La capocrazia italiana può essere l’anticamera di un’autocrazia ben delineata come nell’India di
Modi. Per ora, la differenza sembra farla la stabilità autocratica indiana, mentre la capocrazia italiana ammette tanti capi e, per giunta, di breve durata. Abbiamo tanti capi episodici, “usa e getta”, a conferma che non è oro tutto quel che luccica. L’autocrazia è figlia di una scelta democratica, ma è altresì revocabile ( Bolsonaro docet e anche Trump). Inoltre: le capocrazie/ autocrazie sono più performanti delle democrazie reali? Danno risultati economici e di benessere sociale maggiore, come comunemente si crede? Non esiste alcuna evidenza scientifica che l’attesti e, dati alla mano, basta comparare la situazione socioeconomica del democratico Nordeuropa con quella dell’autocrazia in India o quella nordamericana con la cinese o la russa. Dislivelli a dir poco imbarazzanti, per chi pensa che il vento autocratico che tira dall’Asia in Europa sia dovuto a un Eolo interessato all’economia e al benessere. In aggiunta, il libro ha un cuore teorico che presuppone l’implosione delle élite e l’emergere dei leader, dei capi, come scrissi nel 2015. Alla scomparsa delle élite verticali e autocentrate è seguita l’implosione delle élite democratiche, un ossimoro paralizzato dalla propria autoreferenzialità cetuale e dalla complessità di poteri plurali e frammentati. Sono emersi così i nuovi capi, non più sostenuti da élite che brillano di luce propria, come nelle vecchie direzioni e congressi dei partiti, ma da un cerchio magico di obbedienti cortigiani. Sono leader mediatici, persuasori capaci di “andare” direttamente al popolo grazie alla potenza aumentata degli schermi.

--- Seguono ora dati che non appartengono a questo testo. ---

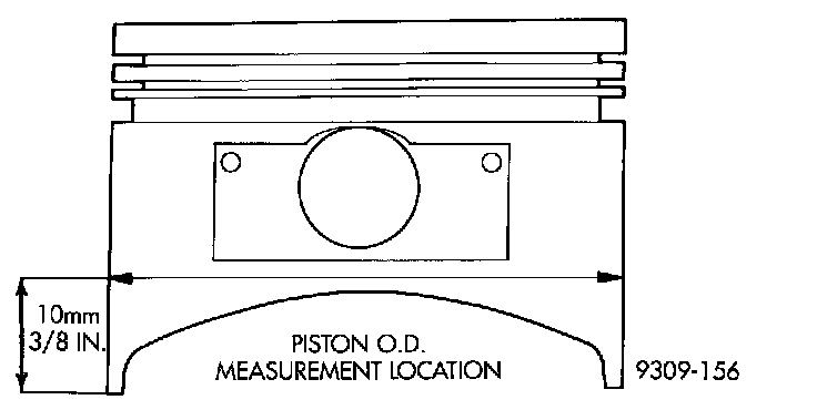 Piston and cylinder wall must be clean and dry Piston diameter should be measured 90 degrees to piston pin at size location shown. Cylinder bores should be measured halfway down the cylinder bore and transverse to the engine crankshaft center line. Refer to Engine Specifications. Pistons and cylinder bores should be measured at normal room temperature, 70°F (21°C).

Alla fine, con Ainis mi chiederei: siamo in attesa di un premierato da Terza repubblica? O siamo destinati a rimpiangere la partitocrazia della Prima, in cui c’erano i partiti? Allora almeno i cittadini potevano scegliere chi eleggere, andavano copiosi al voto e la fiducia nella politica era di conforto. Nel rovescio odierno,“nella partitocrazia senza partiti”, ma dei capi, sta il cul de sac istituzionale di un regime ibrido: parlamentare nella Costituzione scritta, ma “presidenzialista” di fatto”.